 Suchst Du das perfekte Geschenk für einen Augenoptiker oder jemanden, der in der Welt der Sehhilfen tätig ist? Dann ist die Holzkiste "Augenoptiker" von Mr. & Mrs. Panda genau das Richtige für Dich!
___
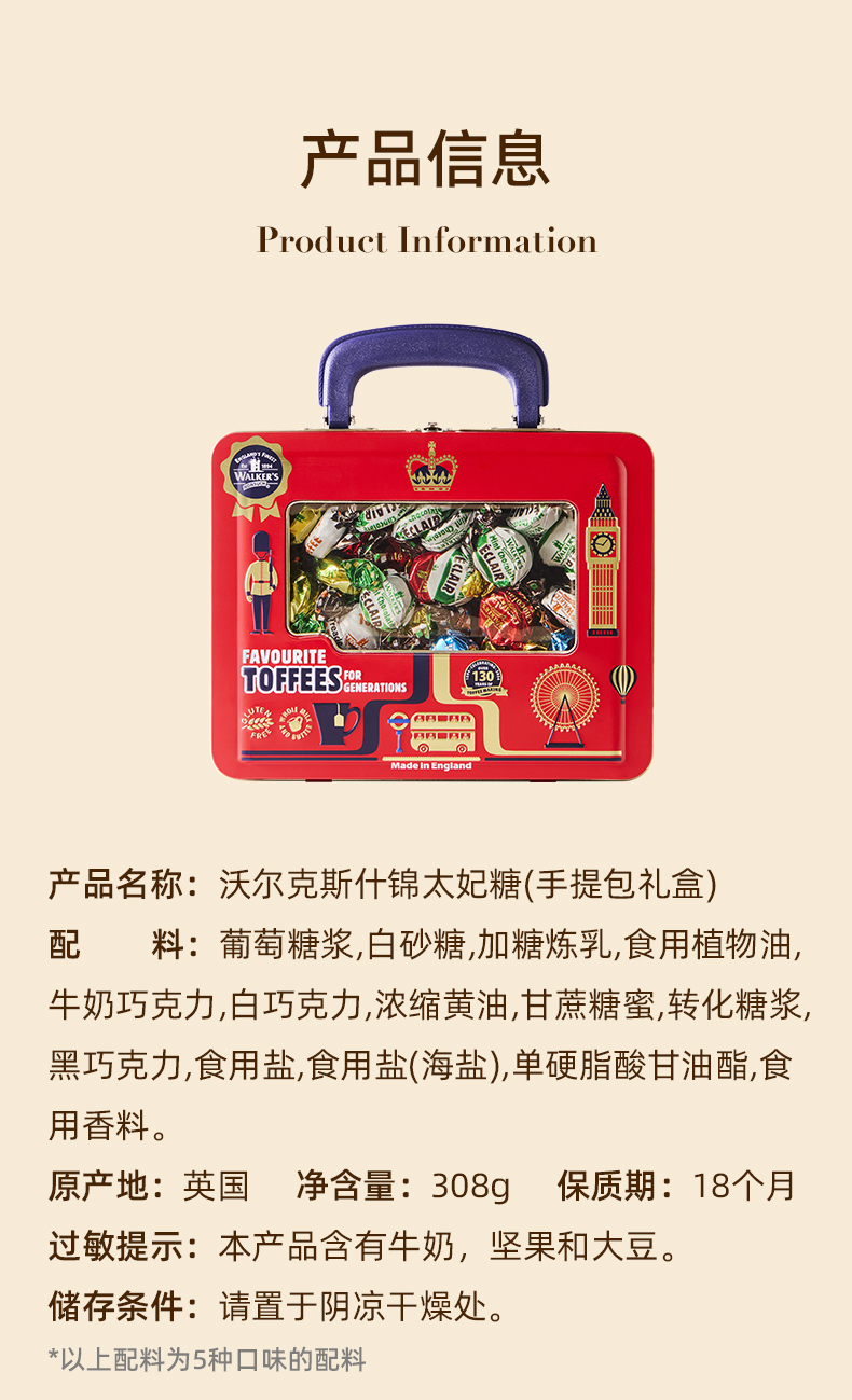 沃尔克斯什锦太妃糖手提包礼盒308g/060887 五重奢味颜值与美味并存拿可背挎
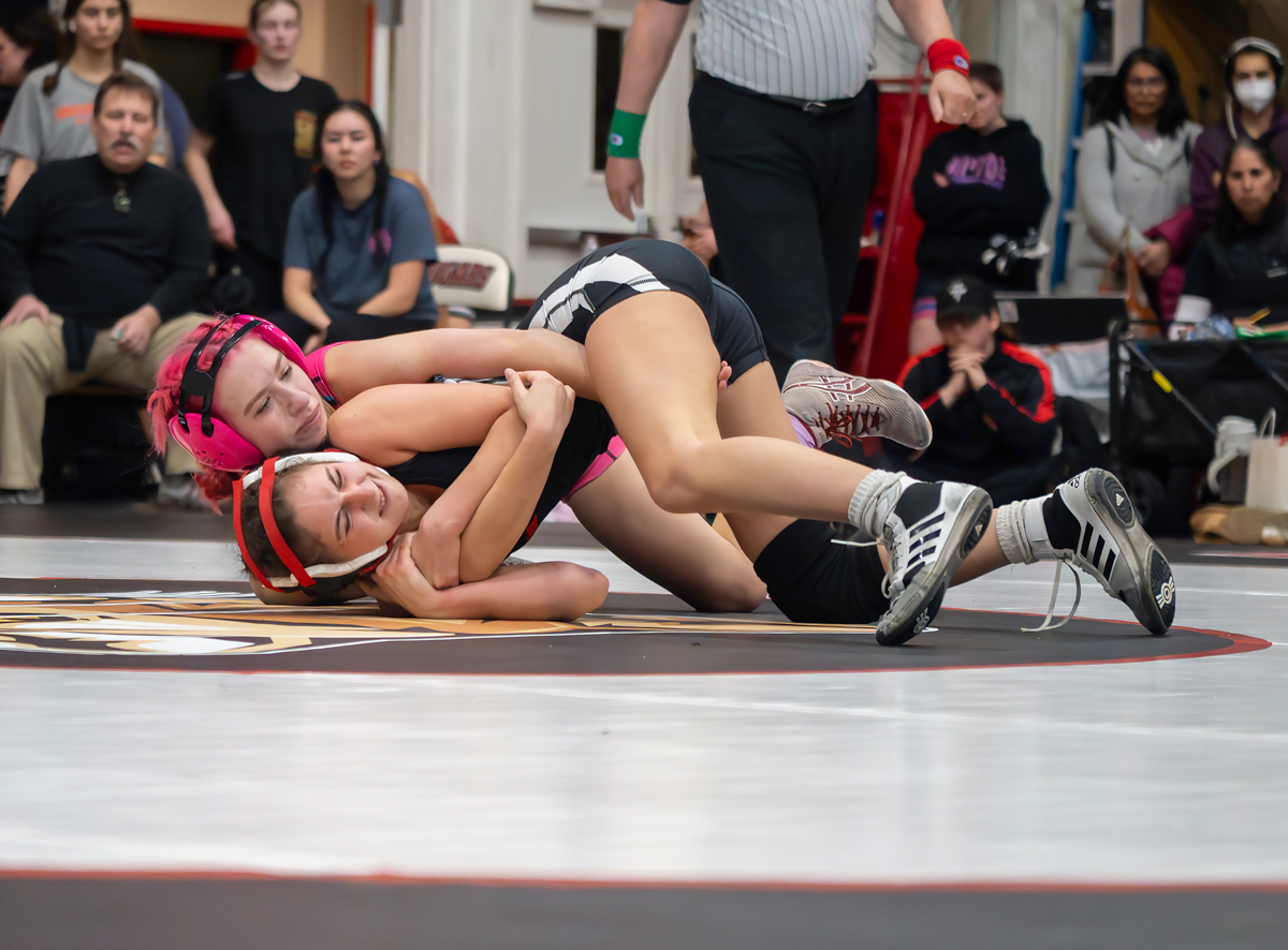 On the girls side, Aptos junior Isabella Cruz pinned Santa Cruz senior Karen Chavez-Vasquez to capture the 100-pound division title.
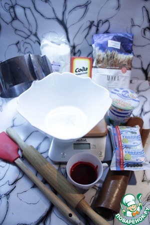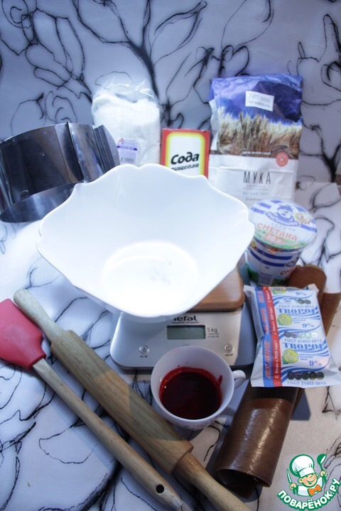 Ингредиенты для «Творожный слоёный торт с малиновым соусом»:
___
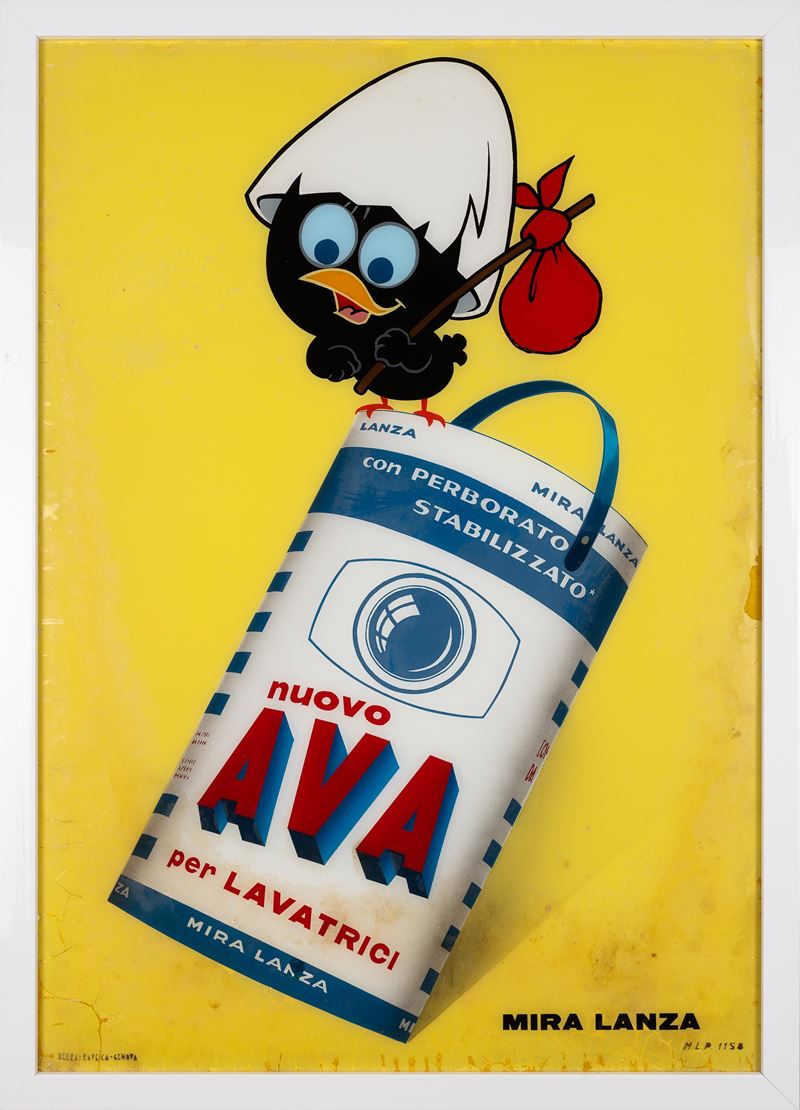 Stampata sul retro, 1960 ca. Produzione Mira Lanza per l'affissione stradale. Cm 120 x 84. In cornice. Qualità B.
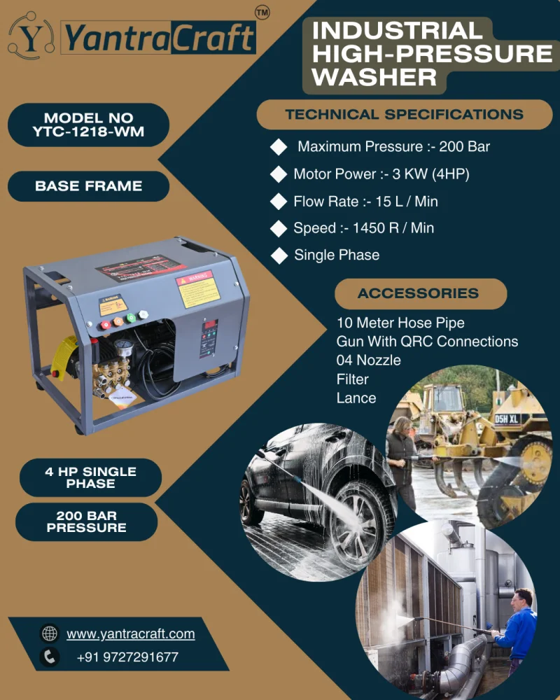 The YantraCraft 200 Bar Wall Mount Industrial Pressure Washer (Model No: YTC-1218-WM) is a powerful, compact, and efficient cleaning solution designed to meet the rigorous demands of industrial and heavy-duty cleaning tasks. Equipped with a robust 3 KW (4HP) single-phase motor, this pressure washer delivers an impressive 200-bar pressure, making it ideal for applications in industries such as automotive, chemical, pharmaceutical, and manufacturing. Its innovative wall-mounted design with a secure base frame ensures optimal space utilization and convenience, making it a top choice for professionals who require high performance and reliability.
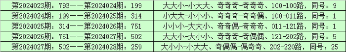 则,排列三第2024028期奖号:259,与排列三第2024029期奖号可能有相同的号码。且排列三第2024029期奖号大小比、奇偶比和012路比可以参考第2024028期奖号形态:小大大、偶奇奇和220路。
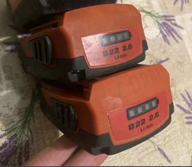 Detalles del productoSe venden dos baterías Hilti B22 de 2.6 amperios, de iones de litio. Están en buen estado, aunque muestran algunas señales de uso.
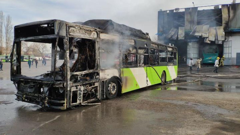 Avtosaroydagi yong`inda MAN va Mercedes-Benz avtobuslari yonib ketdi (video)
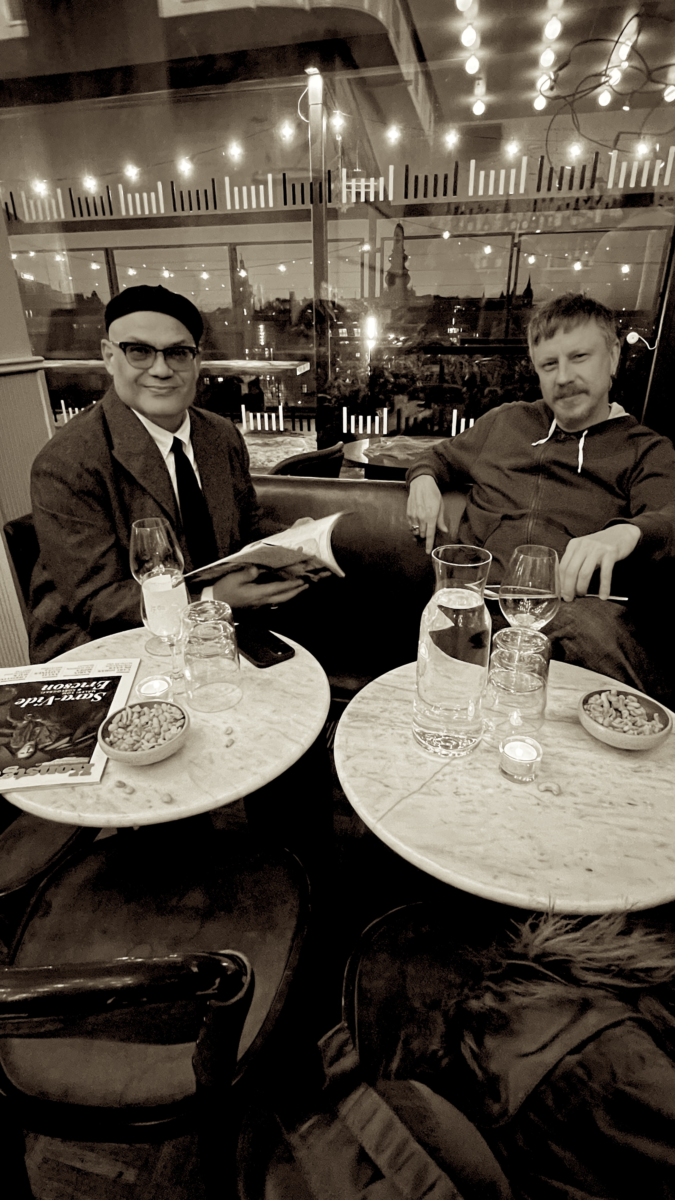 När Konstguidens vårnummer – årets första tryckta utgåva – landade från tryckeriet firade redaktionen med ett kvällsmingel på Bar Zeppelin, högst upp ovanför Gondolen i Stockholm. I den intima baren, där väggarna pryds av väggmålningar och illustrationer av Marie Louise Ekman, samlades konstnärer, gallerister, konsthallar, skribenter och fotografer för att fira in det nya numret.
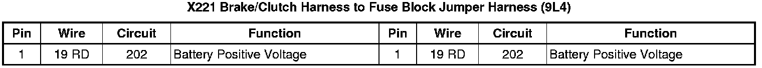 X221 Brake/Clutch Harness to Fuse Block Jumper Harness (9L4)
___
— WHAT YOU NEED TO DO —
Text only, no pictures: please print exactly the lines above from the line with "När Konstguidens vårnummer" up to and including the line with "X221 Brake/Clutch Harness", and nothing else.

— RESPONSE TO THIS TASK —
 När Konstguidens vårnummer – årets första tryckta utgåva – landade från tryckeriet firade redaktionen med ett kvällsmingel på Bar Zeppelin, högst upp ovanför Gondolen i Stockholm. I den intima baren, där väggarna pryds av väggmålningar och illustrationer av Marie Louise Ekman, samlades konstnärer, gallerister, konsthallar, skribenter och fotografer för att fira in det nya numret.
 X221 Brake/Clutch Harness to Fuse Block Jumper Harness (9L4)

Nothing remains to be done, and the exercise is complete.